The max value is the only one we calculate for friction force.
Let's say you are trying to tow a car with the rear wheels being locked by the parking brake.
The tow truck starts pulling the car from its front, let's say applying 500 Newtons of horizontal force.
At the contact patch of each rear tire, because Newton's second law, a reaction of 250 Newtons develops, but tires do not skid.

Now, we know that the coefficient of static friction between dry asphalt and rubber is 0.8.
We calculate that each rear tire is supporting a partial weight of 500 Newtons; therefore, there will not be any skid until a magnitude of horizontal force of 0.8 x 500 = 400 N is applied: that is the magnitude of your static friction.

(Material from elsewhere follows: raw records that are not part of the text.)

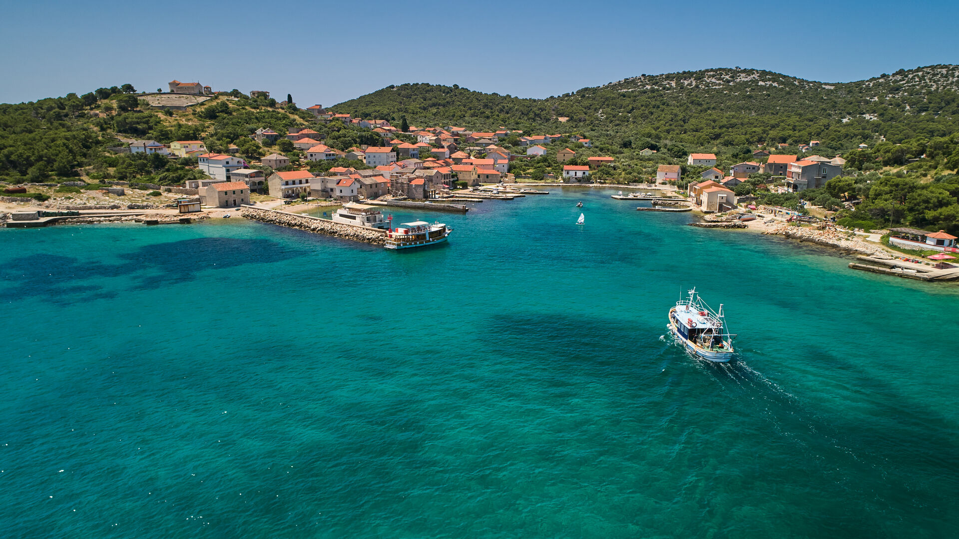 **Vrgada:** Mali otok poznat po netaknutoj prirodi i mirnim uvalama, idealan za opuštanje.
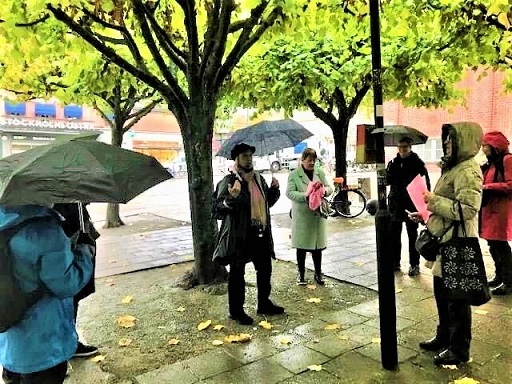 Modiga aktiva trotsade regn och blåst för en intressant och lärorik tur runt Tekniska högskolan.
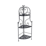 La estructura es angular en metal, con 3 estantes de estilo rústico. Se caracteriza por un color negro y decoraciones con rizos.
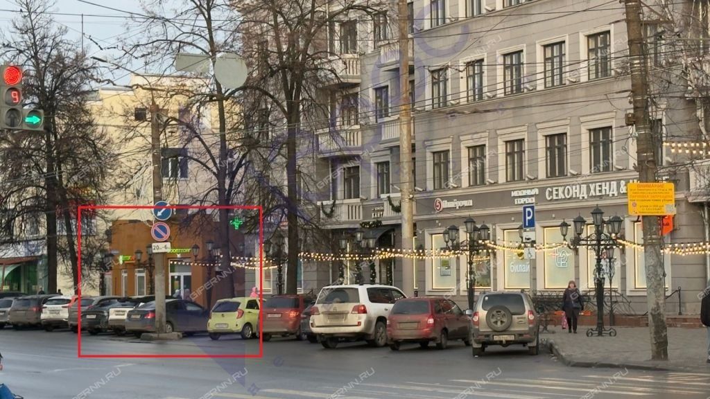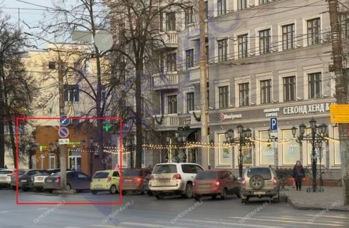Первая линия домов, высокий автомобильный и пешеходный трафик, густонаселенный жилой массив.
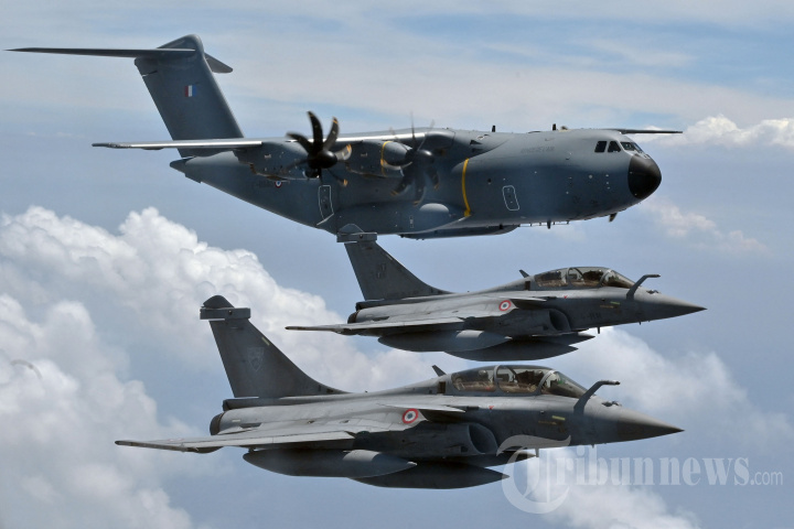 Pesawat tempur multirole Dassault Rafale dan pesawat angkut Airbus A400M terbang dalam formasi selama penerbangan demonstrasi oleh Angkatan Udara Prancis di atas Selat Sunda Indonesia pada 12 September 2022. - Indonesia pada Februari 2022 menandatangani kesepakatan dengan Prancis untuk membeli enam pesawat tempur Rafale sebagai bagian dari total pesanan 42 yang diantisipasi, karena Paris memperkuat hubungan militer di Asia-Pasifik. (Photo by ADEK BERRY / AFP)
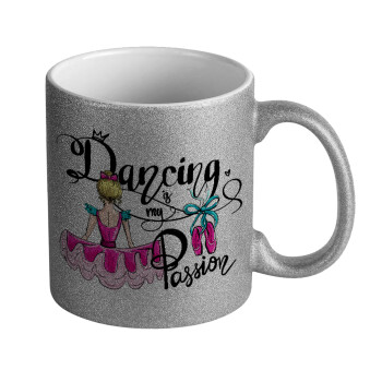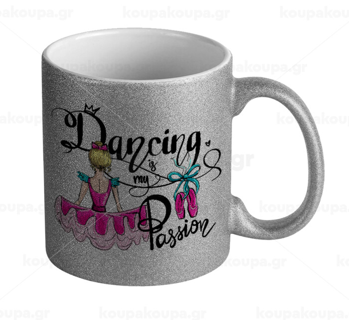 Dancing is my Passion, Κούπα Ασημένια Glitter που γυαλίζει, κεραμική, 330ml
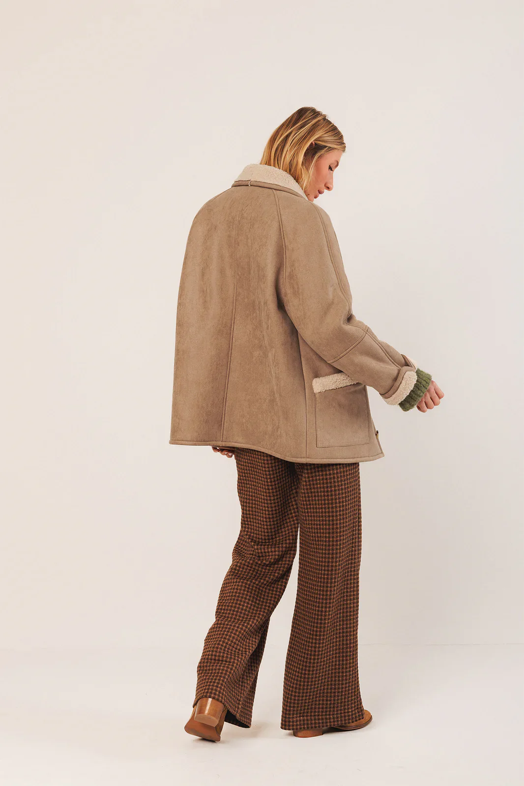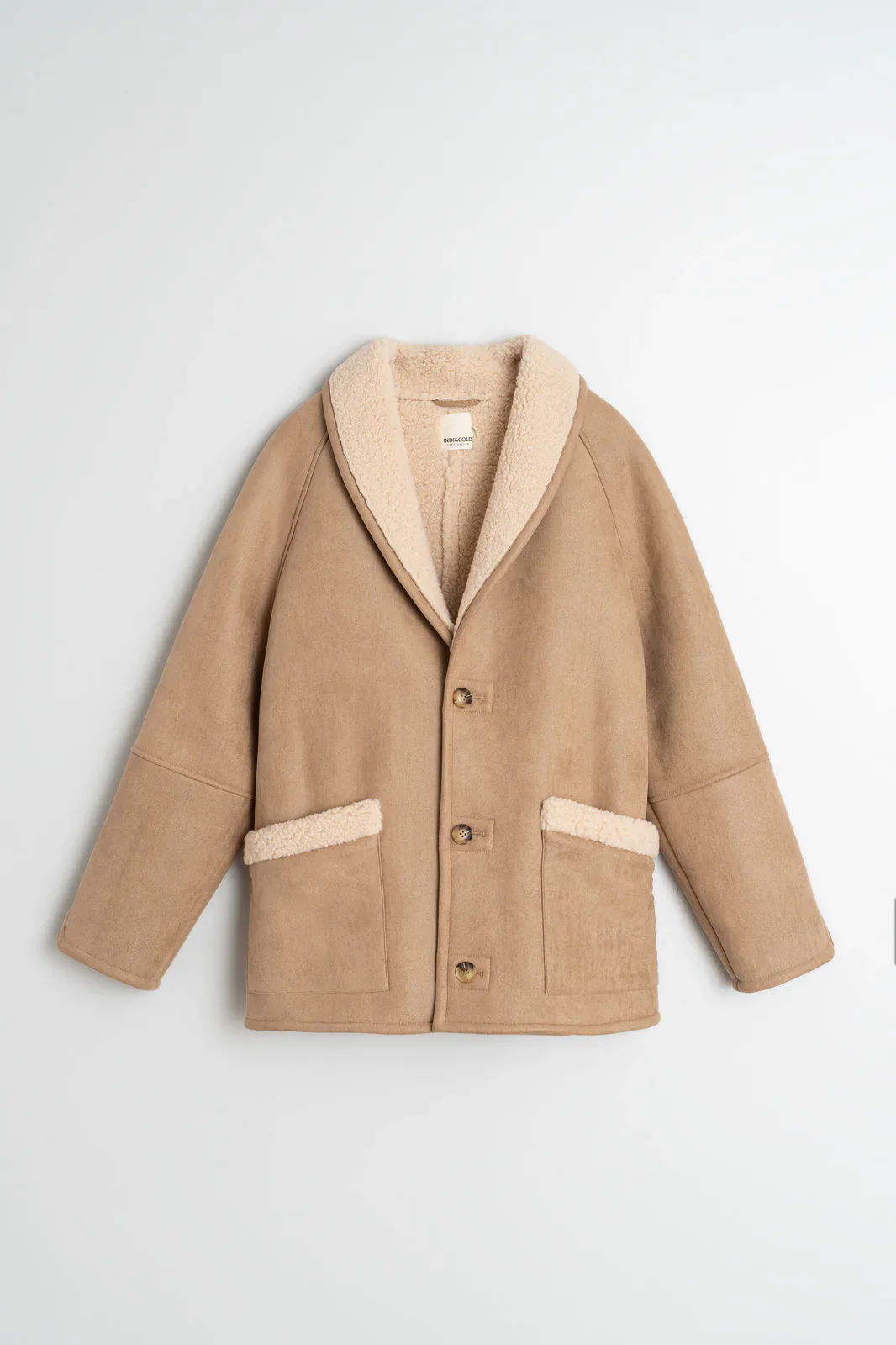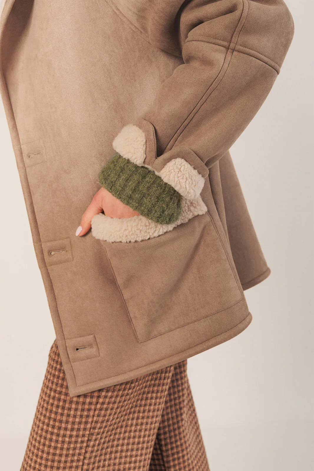 - Cierre frontal abotonado y bolsillos de parche vuelto con efecto teddy

Once the tow truck reaches a pulling force of 800 N, it will be able to drag the car with rear blocked tires.
What force will resist the pull after that moment?
The dynamic friction on each of the rear contact patches, which should be around 0.7 x 500 x 2 = 700 Newtons.
 
  • #5
So the reason it’s a variable is bc we don’t know if it’s static or kinetic friction?
 
  • #6
Pipsqueakalchemist said:
How do you know when to use the max value?
You use it when you have reason to believe the static friction is at its maximum value. Often, there's some wording in the problem like "on the verge of moving" which translates physics-wise into the condition that static friction is as large as it can get.

If you don't have any reason to assume static friction is at its maximum value, then you don't know how big the force is. It will be whatever it needs to be to keep the object from moving relative to the surface it's in contact with.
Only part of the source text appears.